I felt myself blush. “I love him.”
“I know you do,” she said warmly. “Which is why I made an appointment on Monday morning with a solicitor . . . so you can start the divorce process.”
I felt terrible whenever I thought about Anderson, I truly did, but I had to do what was best for me – and that meant cutting off all ties with him.
“Good.” I exhaled. “I’m ready for that.”
“When will you speak to him?”
“I’ll phone him on Sunday and meet him somewhere in town.” I gnawed on my lip. “I don’t want to do it publicly, but I’m also not going to his home. I lived in that place, and I just feel weird about going there.”
“I don’t blame you.”
We both looked up when Doctor Abara entered the room.
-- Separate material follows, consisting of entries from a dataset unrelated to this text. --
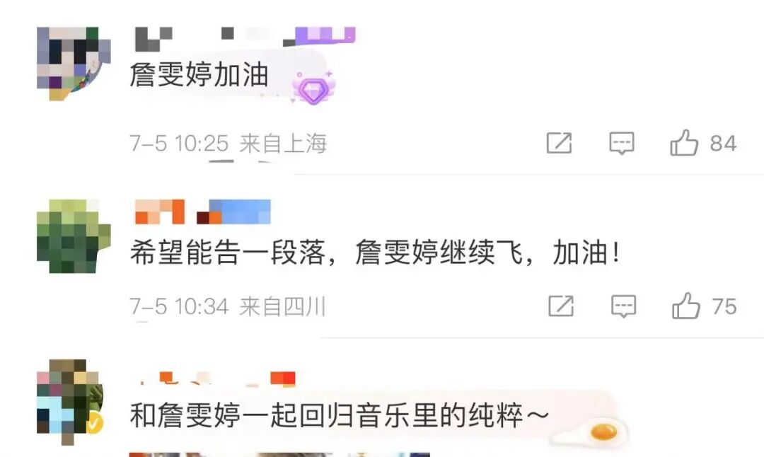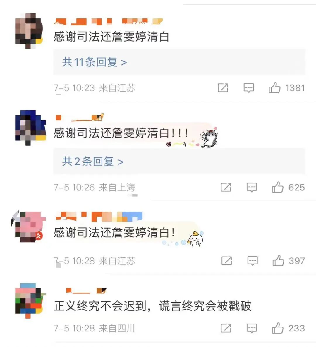 对此,网友纷纷表示,“感谢司法还詹雯婷清白”“詹雯婷加油”“和詹雯婷一起回归音乐里的纯粹”。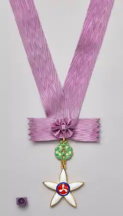 La insignia de la orden está bañada en oro con esmalte blanco, y tiene la forma de una flor de mandarina; el disco central tiene tres jades en forma de media luna (magatama). La insignia está suspendida en una corona de oro y esmalte de hojas de mandarina, que a su vez está suspendida en una cinta morada que se lleva alrededor del cuello.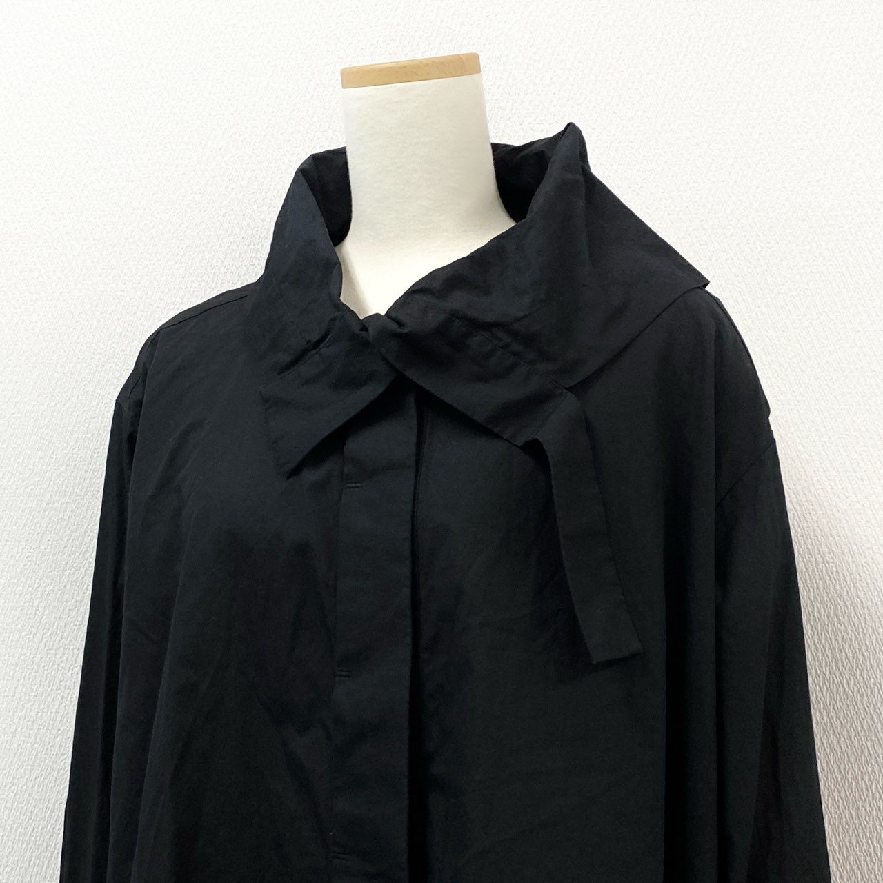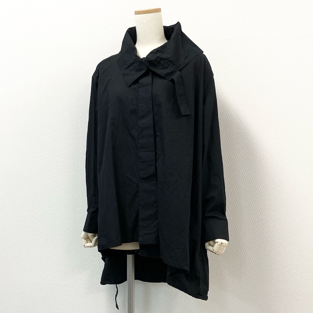 31i8 萌 MOYURU モユル アシンメトリーデザイン 長袖チュニックシャツ Aライン M-Lサイズ ブラック コットン レディースo07t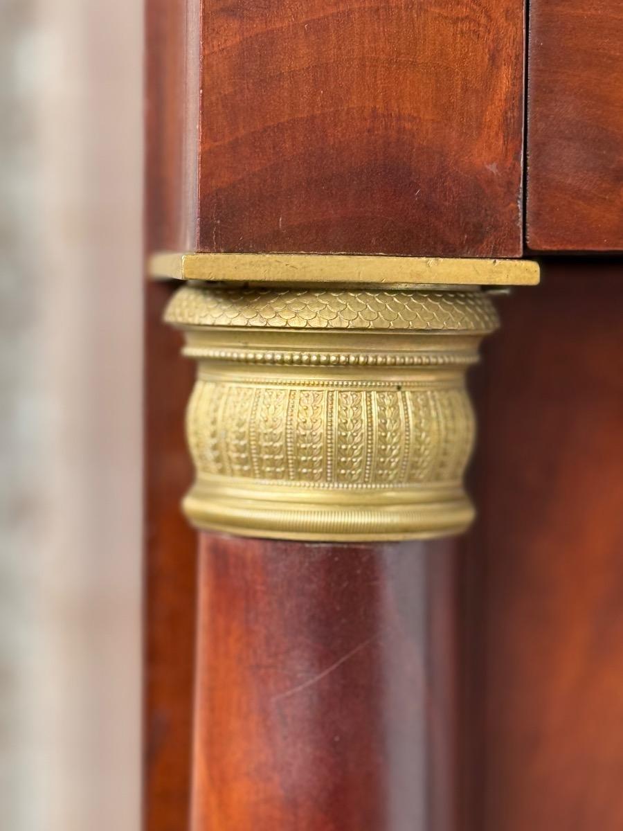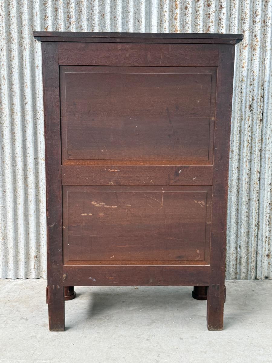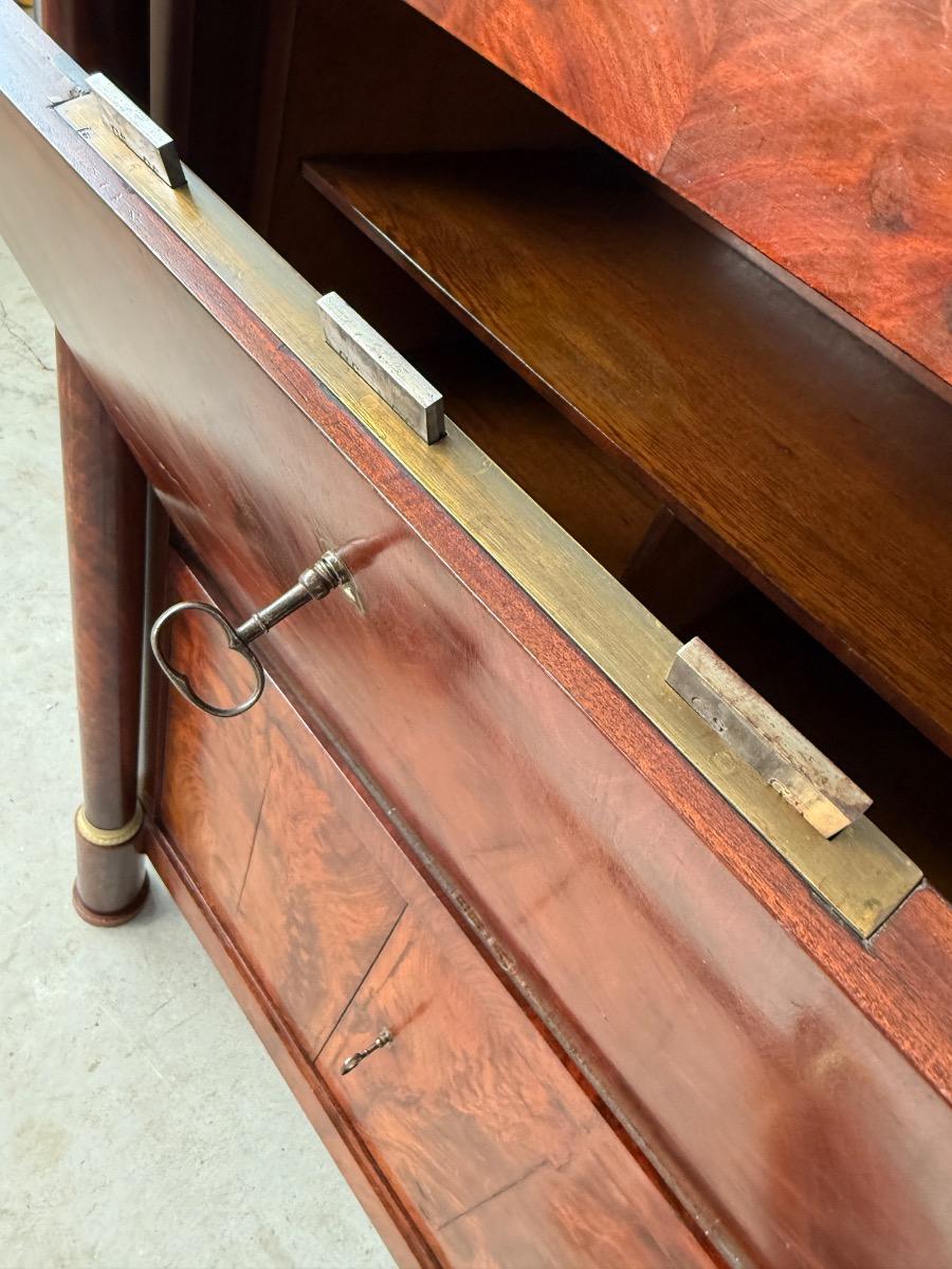 Het interieur vol met laden, oorspronkelijk vuur vergulde lade trekkertjes. De onderkast, achter de twee deuren een eiken plank.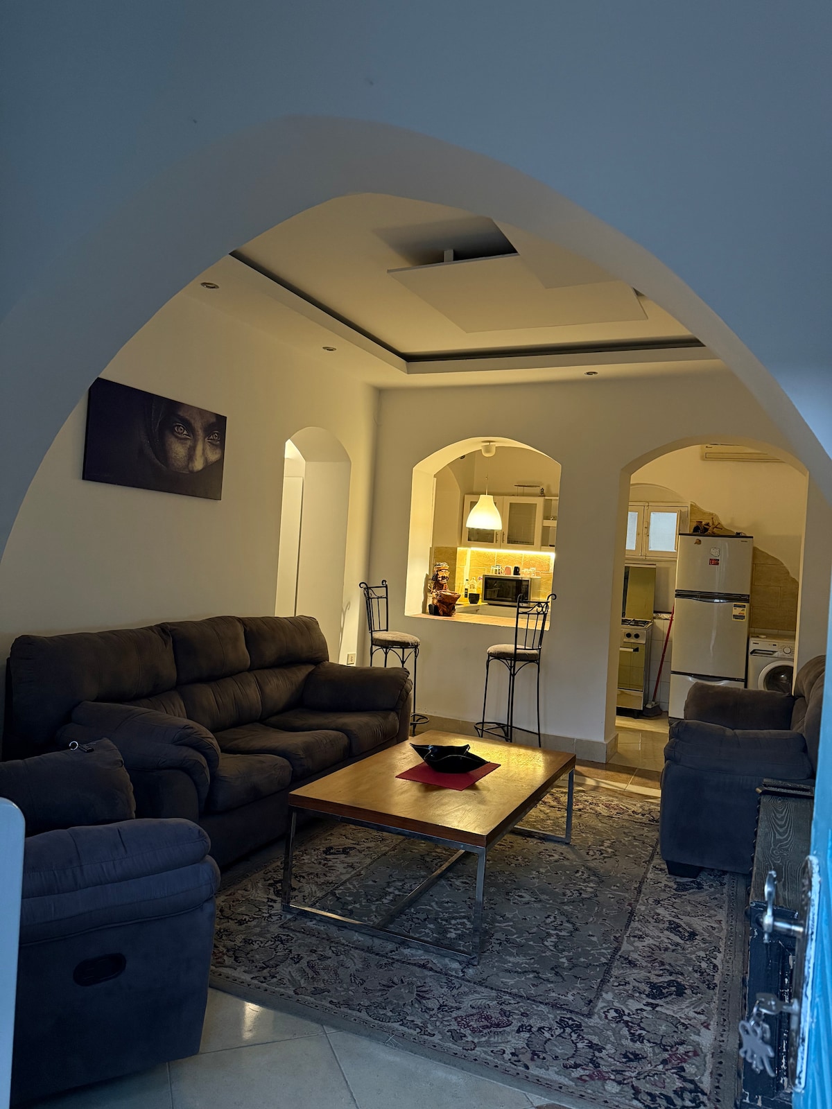 Studio Serenity in El Gouna, located in Kafr- Downtown, offers a cozy and stylish retreat. This fully renovated studio features a large living room, an alcove with a comfortable queen size bed, a sofa, a table with 2 chairs, a flat-screen TV, and internet access. The fully equipped kitchen is ideal for preparing meals, and the bathroom includes a shower and a washing machine. The studio is close to the lagoon, a supermarket, and various restaurants, making it the choice for a relaxing stay.

I returned his happy smile.
“Ready to go home?”
“Born ready,” I answered.
He laughed. “I’ve a prescription here for you. These tablets are only to be taken as you need them. When you get a headache, take them, Noah. No trying to hold out and hoping it goes away. You take the medication. Understand?”
“Yes, sir.” I saluted him. “I’m not a fan of taking tablets, but I’ll do it. You have my word.”
“Good. You’ll come back in six weeks’ time to outpatients for a check-up, and we’ll decide then when your next check-up should be. But if everything is well with you, I’m thinking six months from that day.”
I bobbed my head. “Sounds good to me.”
“As I said yesterday” – he looked at me and my mother – “any double vision, dizziness or signs that you might be having one of your bad headaches, you come straight into Casualty. No exceptions.”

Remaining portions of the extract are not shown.